■ **Action item**:
Beginning at the line that contains "按本市户籍对待的适龄儿童少年" and finishing at the line that contains "Just Love Yourself", output the data below exactly. Include both end lines and no pictures.

■ **Records from a data collection**:
■ ■ ■ ■ ■ ■ ■

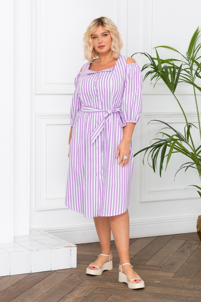 Эффектное летнее платье, объединяющее в себе стили морской и прованс. Силуэт платья трапециевидный, с закругленным низом изделия. Оригинальной формы рукава на резинке пикантно приоткрывают линию плеч. Застежка по центру на пуговицы. Длина по спинке 116 см
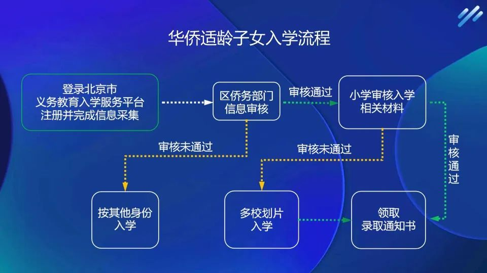 按本市户籍对待的适龄儿童少年入学。区台办认定的台胞子女、区侨务部门认定的华侨子女、国家或北京市博士后管理部门认定的在京在站博士后研究人员子女、符合随军进京落户条件正在办理随军手续的现役军人子女、父母一方有本市常住户籍或持有《北京市工作居住证》的适龄儿童少年入学方式与本市户籍相同。
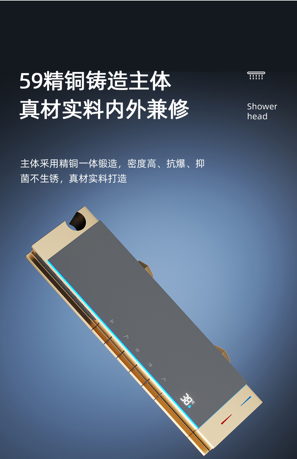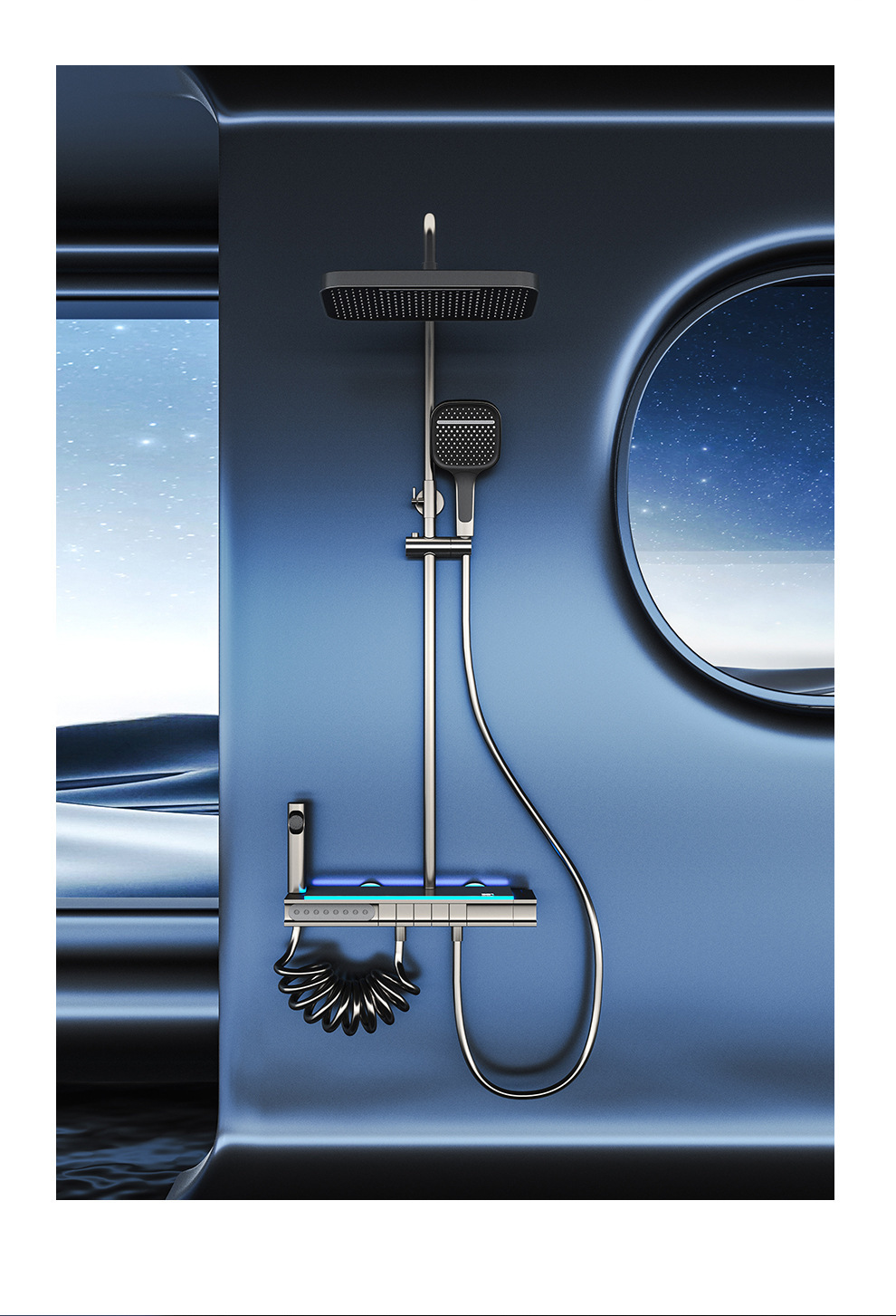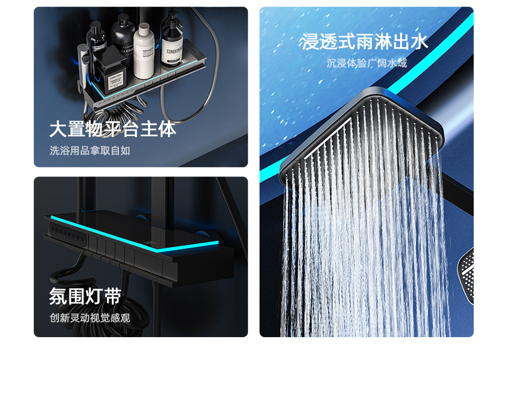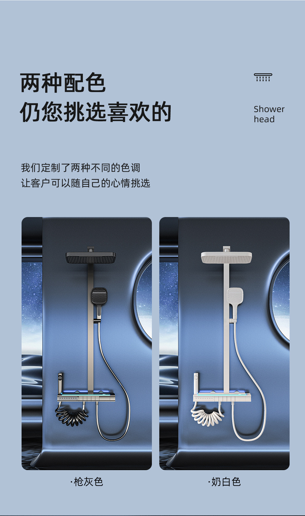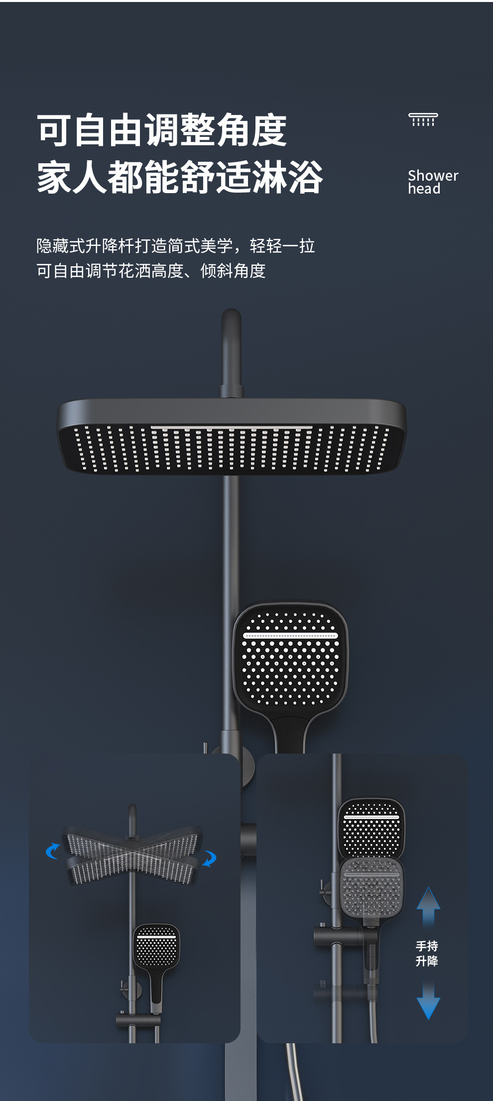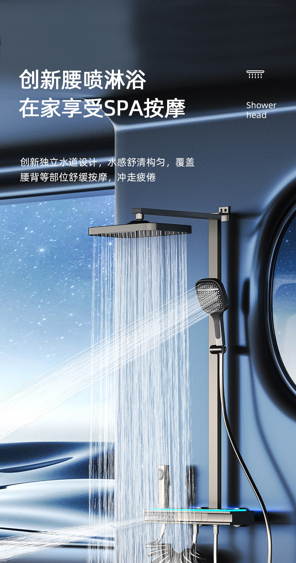 九牧王純正品質浴室シャワー恒温シャワーセットガンメタルグレー高級雰囲気照明付き多機能
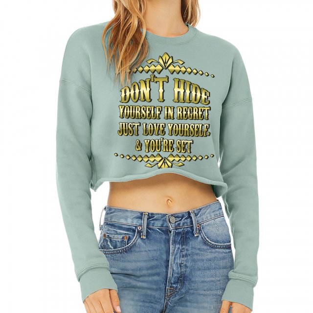 Just Love Yourself and You’re Set Cropped Sweatshirt – Motivational Women’s Sweatshirt – Life Quotes Crop Crew Sweatshirt
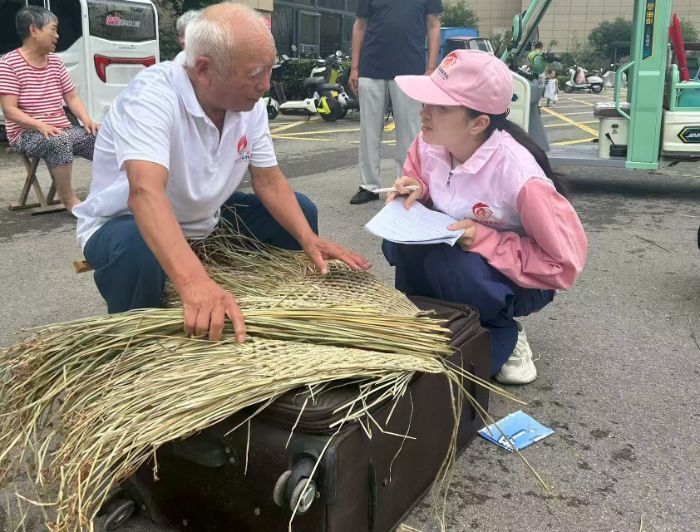 為深化對非遺文化的認識,促進民族文化交流交融,2025年8月14日,南京師范大學泰州學院“紅石榴”志愿團隊奔赴江蘇省徐州市新沂市星河灣開展了社會實踐。團隊成員張燁聚焦非遺蓑衣編織技藝,深入對話傳承人左佃玉,解鎖傳統手工藝里的非遺蓑衣編織密碼,助力非遺活態傳承。
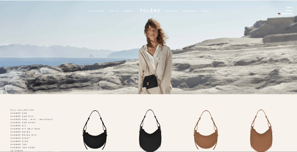 Polène probably has one of my favorite website of any of the brands that I’ve reviewed so far. I would compare it to the color scheme of Hermès with a slightly increased font size of YSL. They website was very easy to navigate. Its clear. You have a bag type and then a picture of all the colors they come in. Some bags have mini or nano options, but apart from that its fairly straight forward.
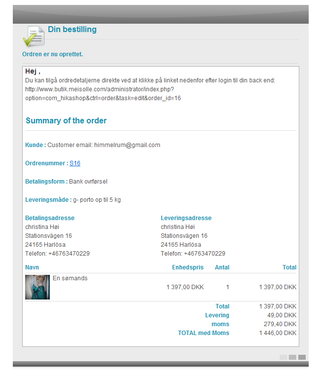 u kan tilgå ordredetaljerne direkte ved at klikke på linket nedenfor efter login til din back end:
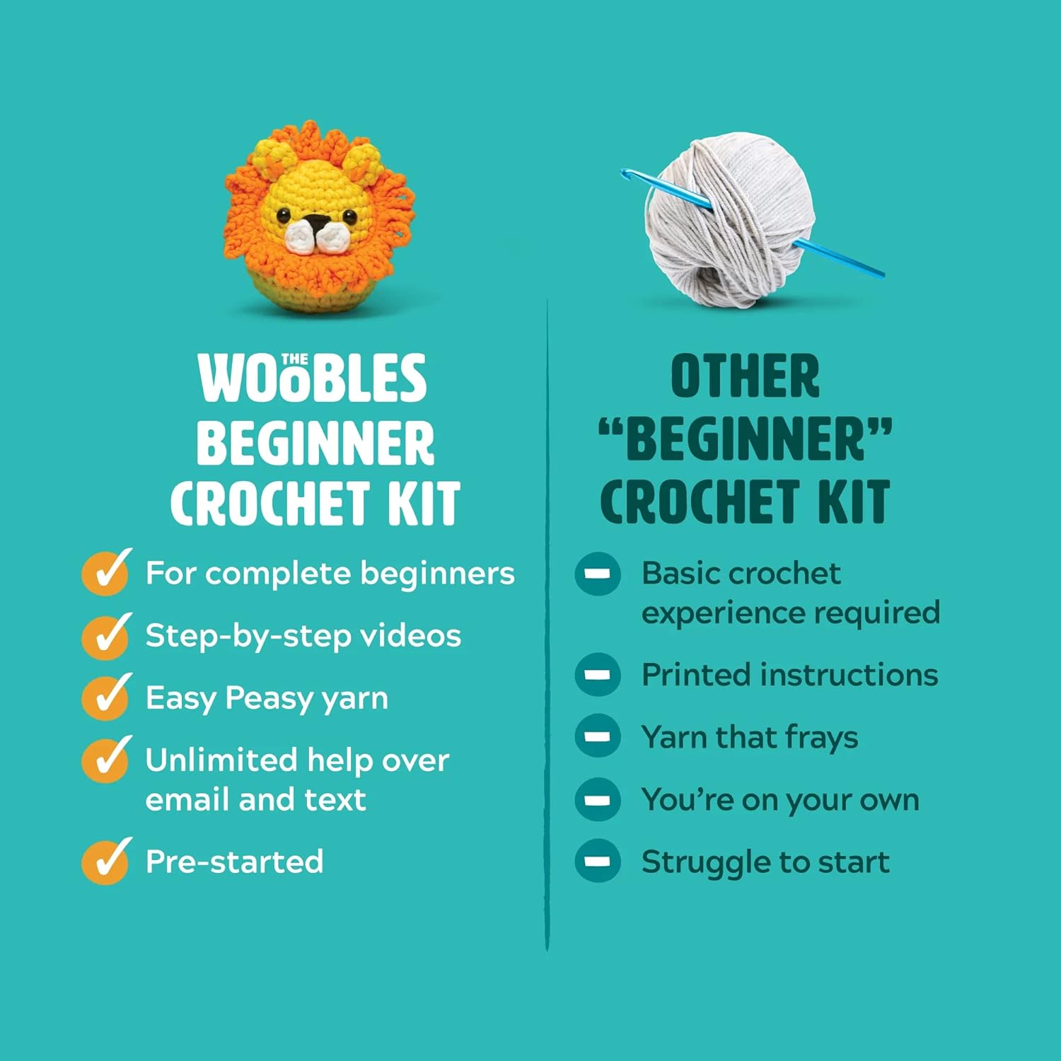 - 🧶 KNITTING KITS: The Woobles Easy Peasy Yarn is custom-made for beginners, only from The Woobles. It’s simple to crochet with and makes stitches easy to see from start to finish.
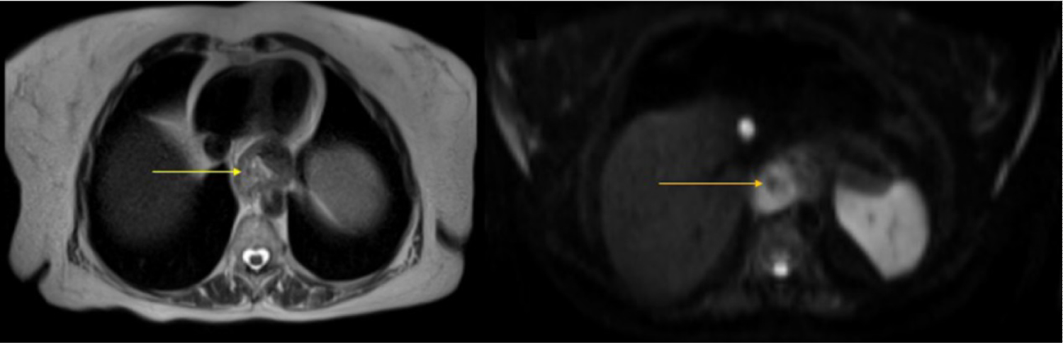 Figure 3: MRI showing an irregular parietal area with discharge at T2 (white arrow) and restriction to diffusion (yellow arrow) at DWI in the herniated gastric esophagus transition.
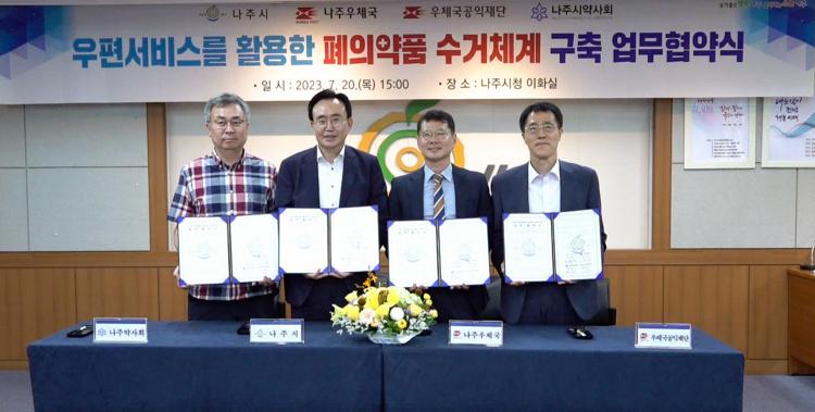 ³ªÁÖ½Ã(½ÃÀå À±º´ÅÂ)´Â Àü³¯ ½Ãû»ç ÀÌȽǿ¡¼ ¡®ÆóÀǾàǰ ȸ¼ö ¿ìÆí¼ºñ½º ½Ã¹ü»ç¾÷¡¯ ÃßÁøÀ» À§ÇÑ ³ªÁÖ¿ìü±¹, ¿ìü±¹°øÀÍÀç´Ü, ³ªÁֽþà»çȸ¿Í 4ÀÚ °£ ¾÷¹«Çù¾àÀ» ü°áÇß´Ù°í 21ÀÏ ¹àÇû´Ù.

■ ■ ■ ■ ■ ■ ■

■ **Written response**:
 按本市户籍对待的适龄儿童少年入学。区台办认定的台胞子女、区侨务部门认定的华侨子女、国家或北京市博士后管理部门认定的在京在站博士后研究人员子女、符合随军进京落户条件正在办理随军手续的现役军人子女、父母一方有本市常住户籍或持有《北京市工作居住证》的适龄儿童少年入学方式与本市户籍相同。
 九牧王純正品質浴室シャワー恒温シャワーセットガンメタルグレー高級雰囲気照明付き多機能
 Just Love Yourself and You’re Set Cropped Sweatshirt – Motivational Women’s Sweatshirt – Life Quotes Crop Crew Sweatshirt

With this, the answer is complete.